> What is being asked: Set down, exactly and with no pictures, the line that contains "观看记录片后,在省侨联党组成" and all lines after it in the listing.

> Input records:
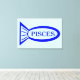 Cette impressionnante impression de toile présente un contour de poisson bleu avec de jolies détails à l'intérieur. Il y a aussi le texte qui dit Pisces à l'intérieur du contour du poisson. Ce design est idéal pour les personnes ayant un anniversaire entre le 19 février et le 20 mars.
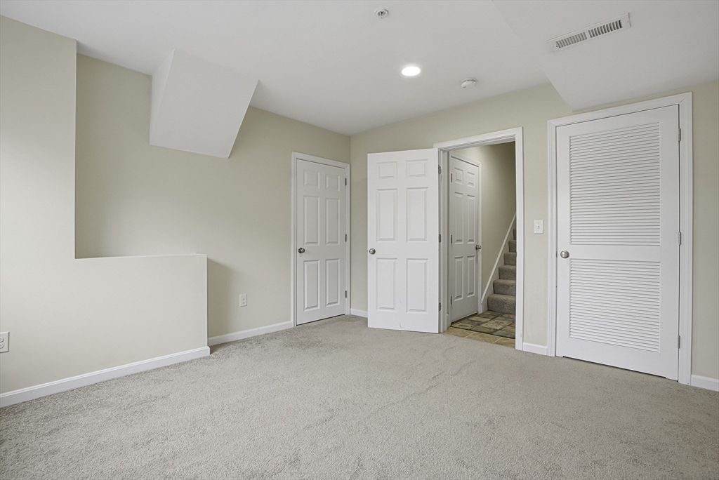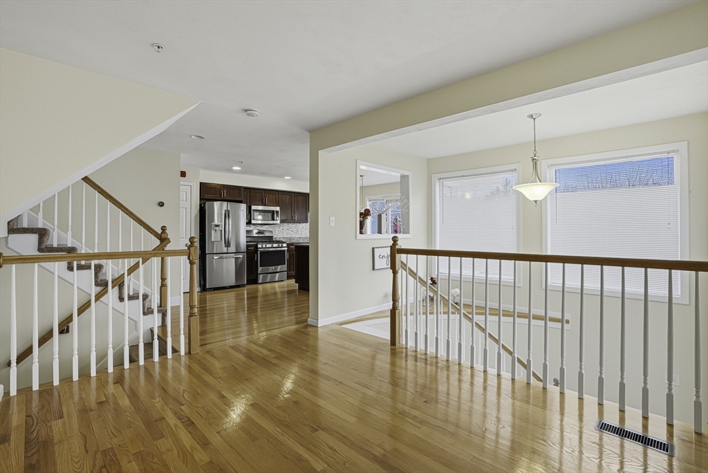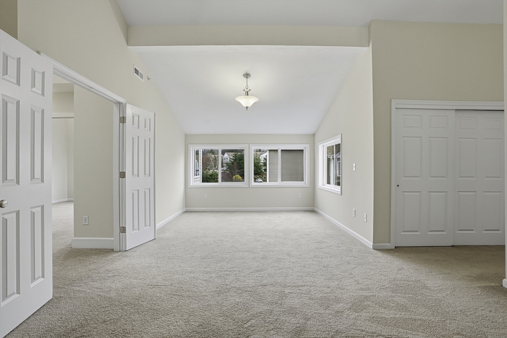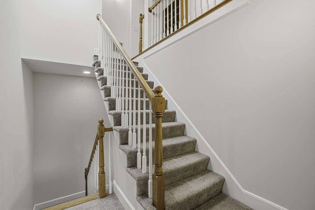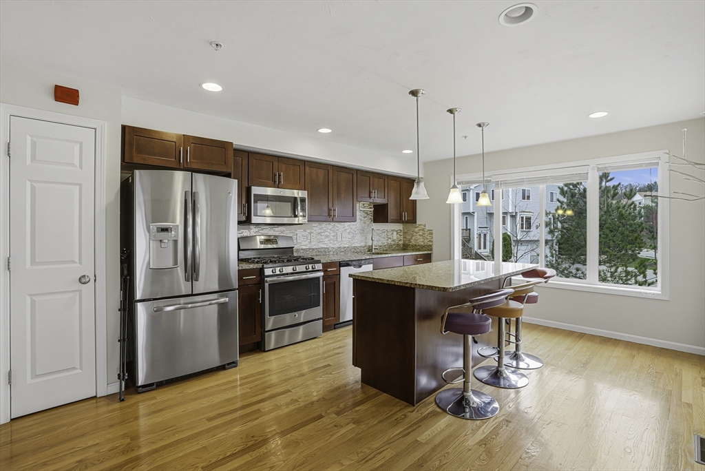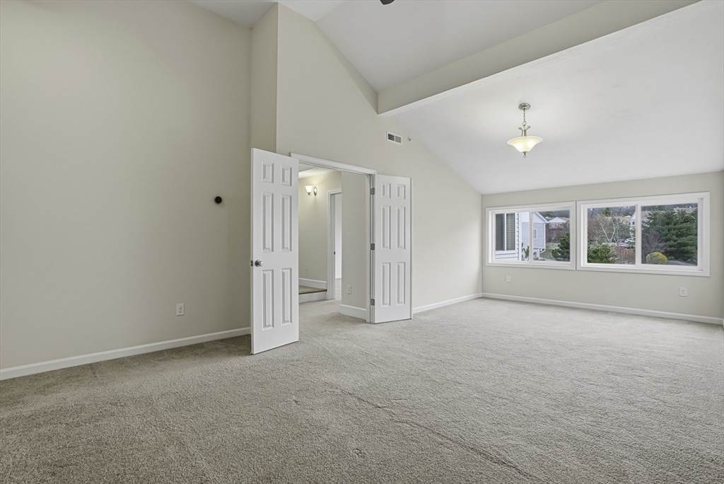 Experience sun-soaked elegance in Ashland’s Village of the Americas. As one of the final units built in the community, this meticulously upgraded Galleria-style townhome begins with a striking two-story glass foyer and curved staircase. The interior is bathed in natural light from south and west-facing windows, illuminating gleaming hardwood floors.The chef’s kitchen features a 6’ granite island, stainless steel appliances, and upgraded cabinetry, flowing into an expansive living area with a gas fireplace. Retreat to the primary suite, a private sanctuary with cathedral ceilings, a second fireplace, and a walk-in closet. Both bedrooms include en-suite baths, featuring a premium tiled shower and double vanity in master bath. Modern conveniences include living-level laundry, a loft for extra storage, and a finished basement perfect for a home office or gym. Step onto your private deck. Enjoy the community’s vibrant play area and gazebo.
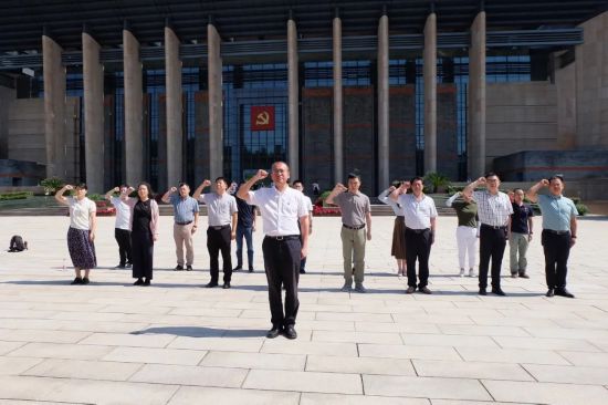 观看记录片后,在省侨联党组成员、副主席、机关党委书记、一级巡视员张维仁的带领下,全体党员在纪念馆北广场的宣誓墙前,面向党旗,重温入党誓词。铿锵誓言在南湖革命纪念馆广场上回荡,一字一句,神圣而豪迈,体现了党员同志们对中国共产党的无限忠诚,让现场所有党员更加坚定牢记自己的庄严承诺。
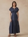 Damskie Sukienki Imprezowe Ciemnogranatowa Zdobiona Szarfa Z Kołnierzykiem Krótkie Rękawy Kwiatowy Nadruk Półformalna Sukienka
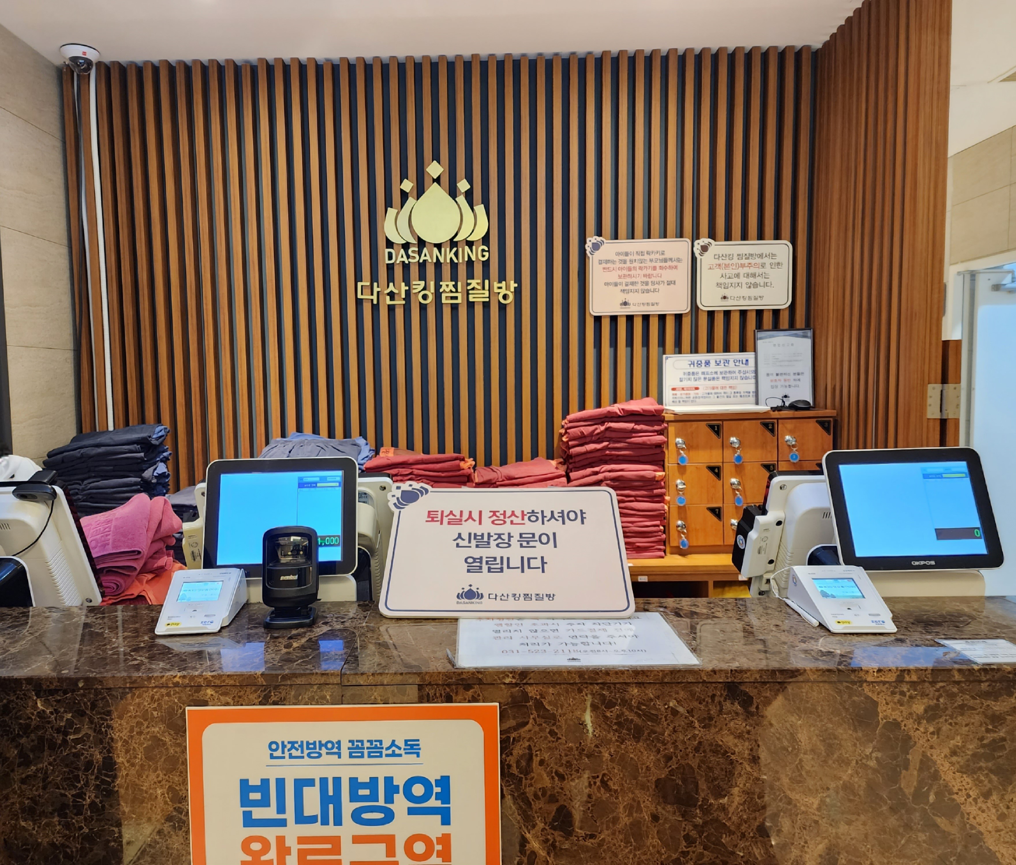 다산킹 찜질방은 7층 8층 두개층을 운영하고있어요. 같은 건물 맛집도 많고 홍종흔 베이커리 카페도 있어서
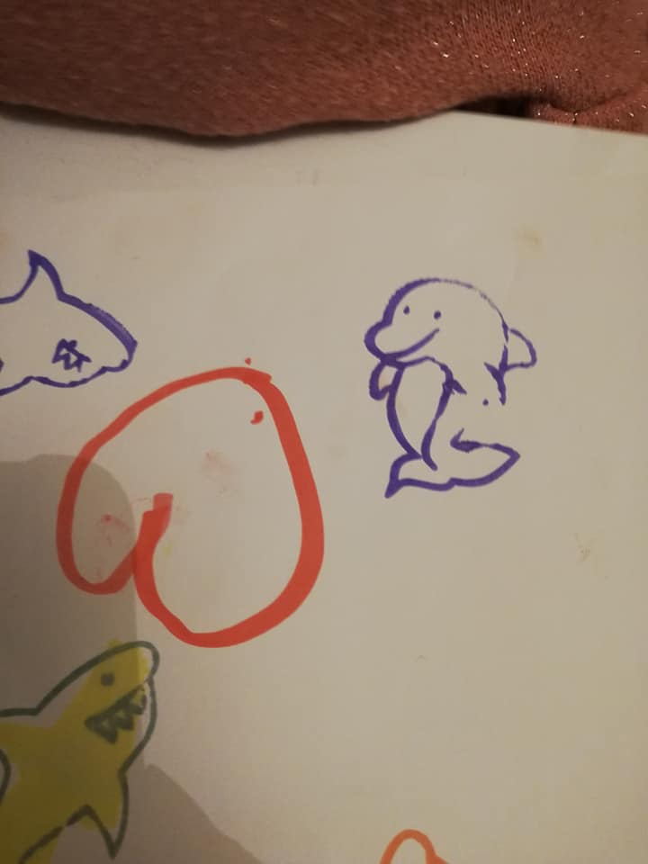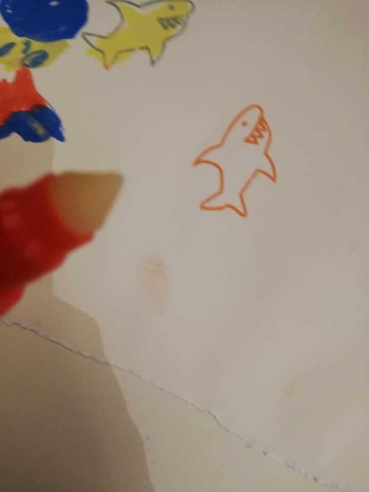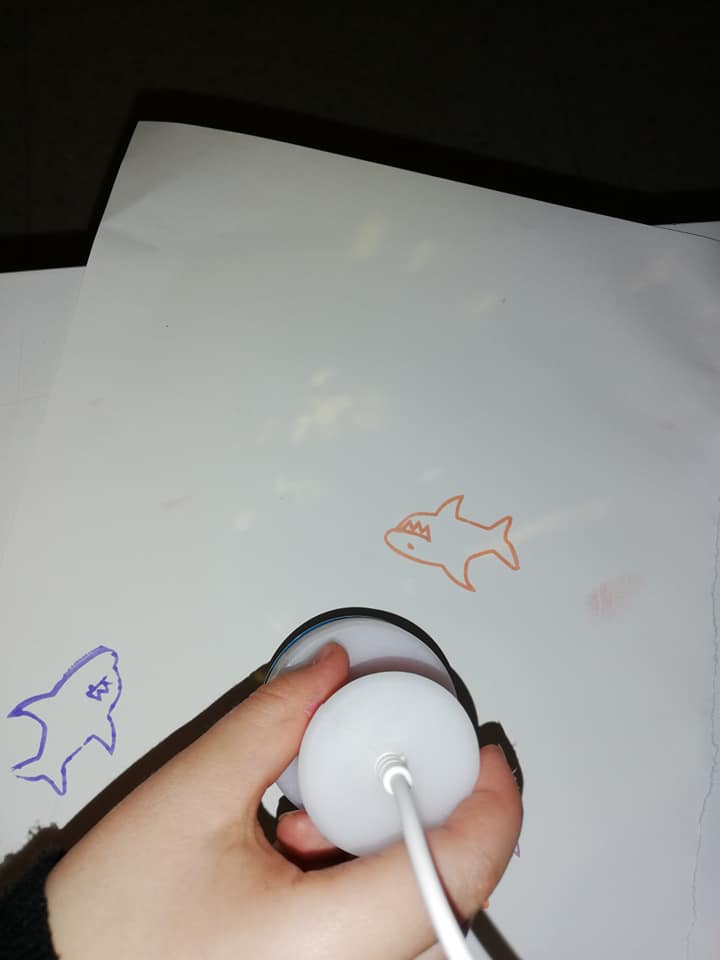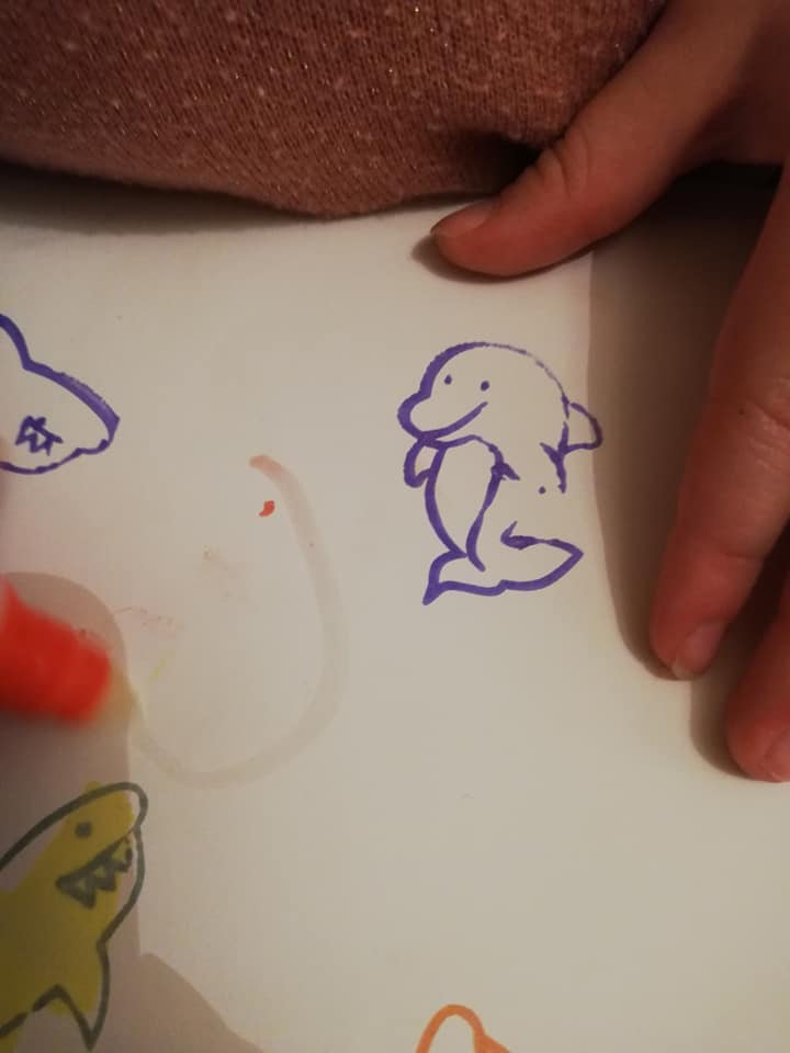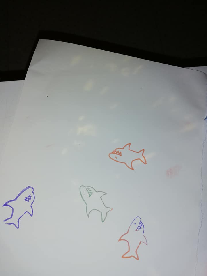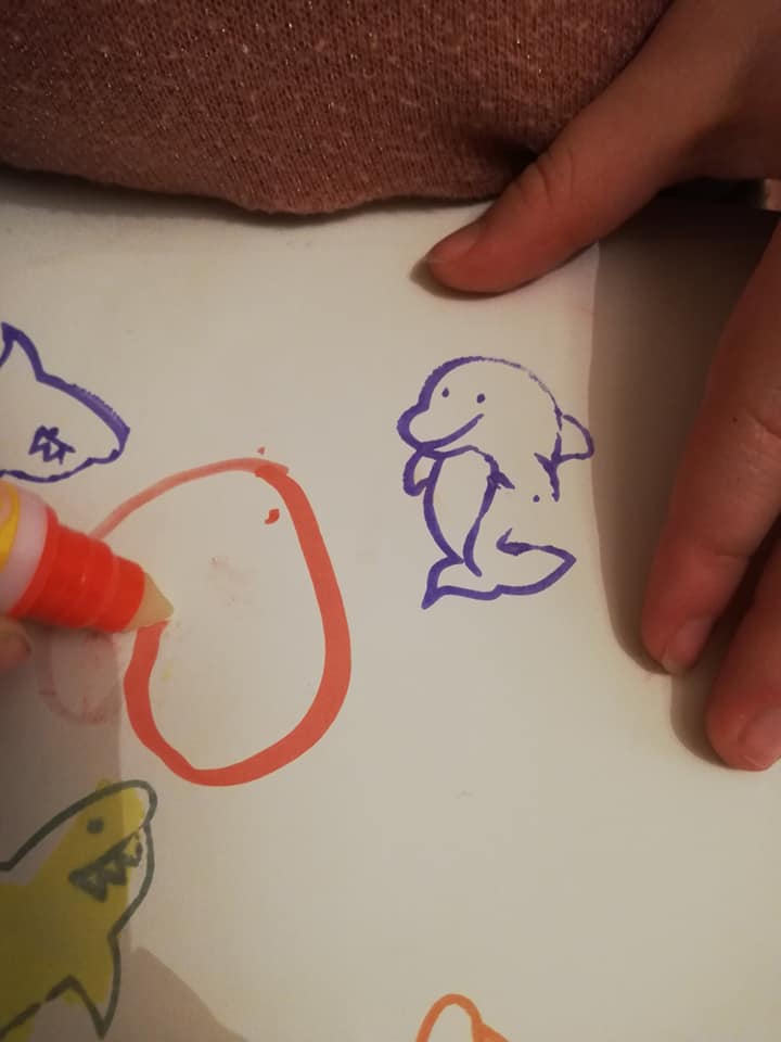 Et hop on utilise le cahier de feuilles magiques pour dessiner… Il suffit d’appuyer sur la feuille pour voir apparaitre le dessin choisi sur le tampon et la couleur choisie sur le tampon.

> Reply:
 观看记录片后,在省侨联党组成员、副主席、机关党委书记、一级巡视员张维仁的带领下,全体党员在纪念馆北广场的宣誓墙前,面向党旗,重温入党誓词。铿锵誓言在南湖革命纪念馆广场上回荡,一字一句,神圣而豪迈,体现了党员同志们对中国共产党的无限忠诚,让现场所有党员更加坚定牢记自己的庄严承诺。
 Damskie Sukienki Imprezowe Ciemnogranatowa Zdobiona Szarfa Z Kołnierzykiem Krótkie Rękawy Kwiatowy Nadruk Półformalna Sukienka
 다산킹 찜질방은 7층 8층 두개층을 운영하고있어요. 같은 건물 맛집도 많고 홍종흔 베이커리 카페도 있어서
 Et hop on utilise le cahier de feuilles magiques pour dessiner… Il suffit d’appuyer sur la feuille pour voir apparaitre le dessin choisi sur le tampon et la couleur choisie sur le tampon.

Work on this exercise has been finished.